The Hoosiers ended up playing two games at The Atlantis resort in the Bahamas, where they won two show matches against the Serbian professional club BC Mega, giving Woodson a head start into the fall. It helped IU get started on the road to its first trip to the NCAA Tournament since 2016.
It was actually Matt’s job at IU last year. He was paid $ 400,000 to help guide Woodson further as he learned about the college part of coaching college basketball. Matta purposefully stayed away from the public over the past year while in the position, but said taking the job and being part of a college program again inspired him to return to coaching after five years away .
“This year, being around it, but not in it, was really good for me,” Matta said. “Sitting in meetings and watching training and learning a disproportionate amount of basketball from Woody, that kind of got me started again.”
The job was the creation of IU athletics director Scott Dolson, who said he came up with it after his discussion with Woodson in New York when he approached Woodson about the job. Woodson called himself a collaborator and indicated he wanted to have a relationship with Dolson similar to the one he had with Glenn Grunwald, who was his teammate at IU and then general manager when Woodson was the head coach of the New York Knicks. Dolson realized that he could not work with Woodson on a constant basis because of his responsibilities to the rest of the department, but decided that Matta would fit the role perfectly.

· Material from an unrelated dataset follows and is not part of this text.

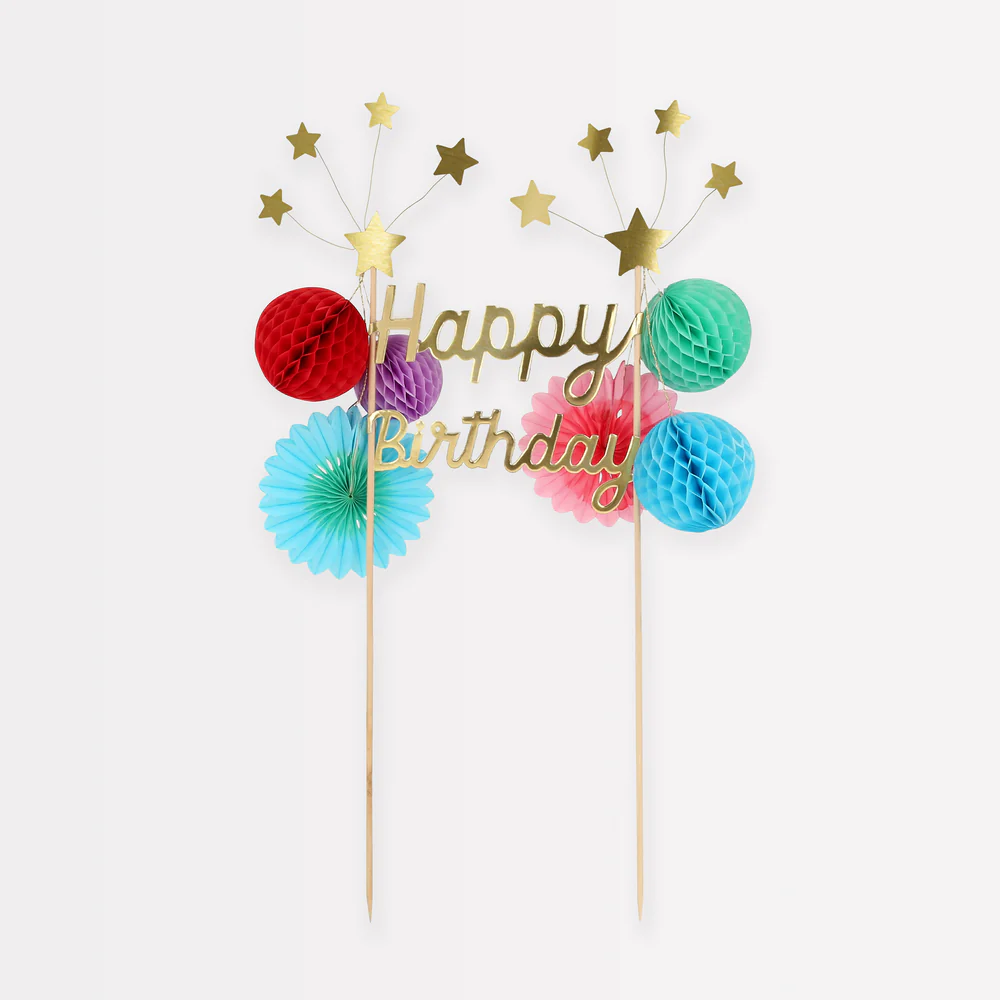 Topper z napisem, złotymi gwiazdkami z folii i pomponami z papieru nadają tej urodzinowej ozdobie na tort fantastyczny efekt 3D. Gwarantujemy, że Twój tort imprezowy będzie wyglądał niesamowicie w kilka sekund!

Matta said he attended staff meetings and attended training every day. At meetings, staff often watched movies together sometimes for scout purposes, but other times because Woodson looked for innovative plays and concepts and discussed with staff whether concepts he saw other teams try would work for IU. Matta was part of these debates. He was an obvious presence at the goal scorer’s table at every match. He said, however, that he mostly left the pitch on the field to Woodson and his assistants.
“I did not have a wealth of input into what was going on, only the nights they won,” said the typically crooked Matta, pausing to see if anyone understood what he was just saying. “It was a joke. I know what Indiana fans are like. I was not trying to get credit there.”

Matt’s contribution was to help Woodson learn the parts of the job he could not have learned from all those years in the NBA. Woodson might have had to plan the game to stop LeBron James, but he had never before had to flip through the NCAA Rulebook to learn about the mysterious rules of what he was allowed to do when recruiting. His NBA connections were endless, but he did not have the same number of contacts for coaches who wanted to stay in the college game, and he had not been to summer travel events where he could see those coaches work.
But Matta had been doing all these things for decades, so he gave that insight.
“Woody would do what Woody would do, but only in the form of (teaching him) the college game,” Matta said. “Helping him put together a staff. Helping him with job responsibilities, that kind of thing … He did not know very much about recruitment, the rules, the rules.”
Woodson has admitted to being a novice in that regard. He told a news conference before the IU’s First Four NCAA Tournament match against Wyoming in March that he found the NCAA compliance test “tricky” and often had to be told things he suggested – such as picking up recruits to visit with a private jet. – were not legal under NCAA rules.
“A lot of it was just recruiting what he could and what he couldn’t,” Matta said. “Like, on an unofficial visit, we can not leave campus. He would say, ‘Let’s take him to dinner.’ We have to say, ‘No, no, we can not leave campus.'”
But annoyed as Woodson might have been over the rules, Matta said he was receptive to having them explained so he did not encounter them.
“He was amazing because he wanted to learn,” Matta said. “Some of those guys do not want to learn. Mike wants to know everything that goes on in the program.”
While Matta was at work, he decided to minimize his public profile. The announcement of his employment with Woodsons added to the buzz surrounding the program and attracted dozens of interview requests, including from IndyStar, but these were never met and Matta gave no interviews while employed in Indiana. It was Matt’s decision.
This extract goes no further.